The dog barks to protect the turkeys.  The turkey is tended by a man or woman.  A figurine of a moccasin last, toy-sized, is also embedded in the kiva floor.  Humans have left their footprints between the dog and the turkey.  These burials simulate a world.


Poncho House is located in the Chinle Wash near Canyon de Chelly.  It’s a complex of three fairly extensive cliff-dwellings in rock shelters scooped out of the red cliffs.  The people who lived in these masonry structures were likely refugees from the Chaco Great Houses to the north and west, then, abandoned when the cliff-dwellings were built.  In the early part of the century, an archaeological team from the Field Museum excavated at Poncho House.  At the rear of the cave, the workers encountered a deep drift of turkey manure.  The ancestral Pueblo living in cliff dwellings kept their birds in the very back of the rock shelters in which they built their lodgings.  The turkey manure was dry and, when the workers waded through it, the stuff rose in choking “filthy clouds”.  Several of the men digging at the site became ill from inhaling the fog of manure-dust.  One of the men developed pneumonia.  His lungs were scarred and he never fully recovered.  

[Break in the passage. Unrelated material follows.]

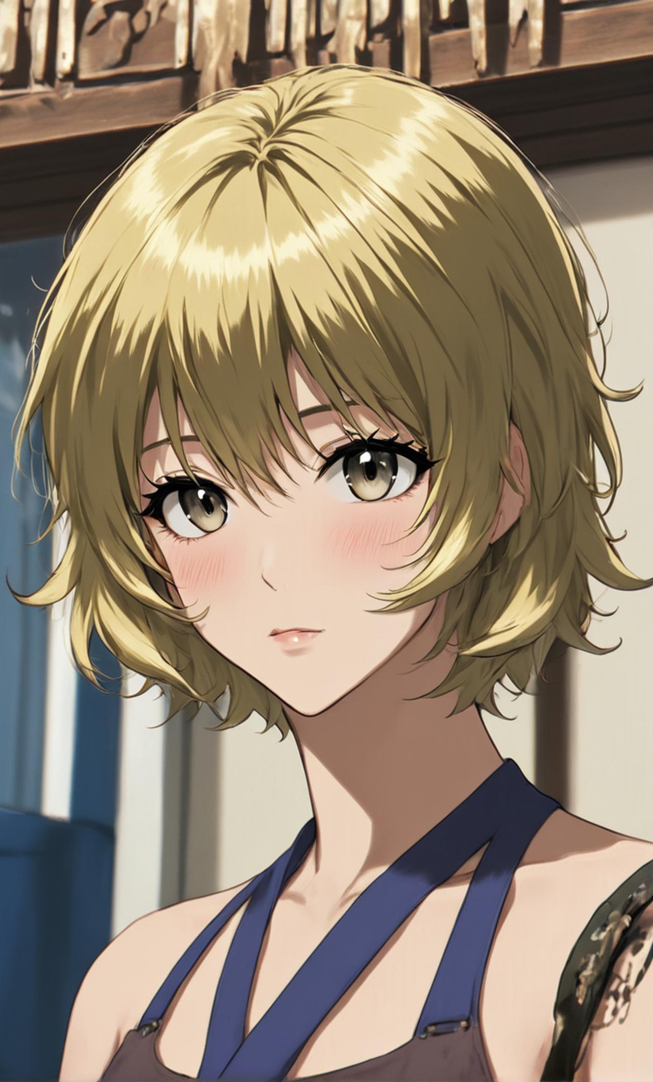 金发短发,黑丝美腿,制服ol,黄色眼睛,精致妆容,美人痣,嘴角与下唇下方有痣。

The Navajo stayed away from Great Houses and ancestral Pueblo cliff-dwellings.  They believed that the Chaco ruins were the remnants of a culture addicted to gambling.  The people who lived near those monumental ruins were seduced into wagering away everything they possessed, including their children, livestock, wives, and, at last, their own freedom.  In this way, most of the people became slaves of the masters living in Great Houses.  Life was out-of-balance: in the castles of the Great Gamblers, the condition of Koyaanitsqatsi (life-out-of-balance) prevailed.  As far as the Navajo Apaches are concerned, the wreckage of the Chaco world is haunted by ghosts and demons and cursed as well.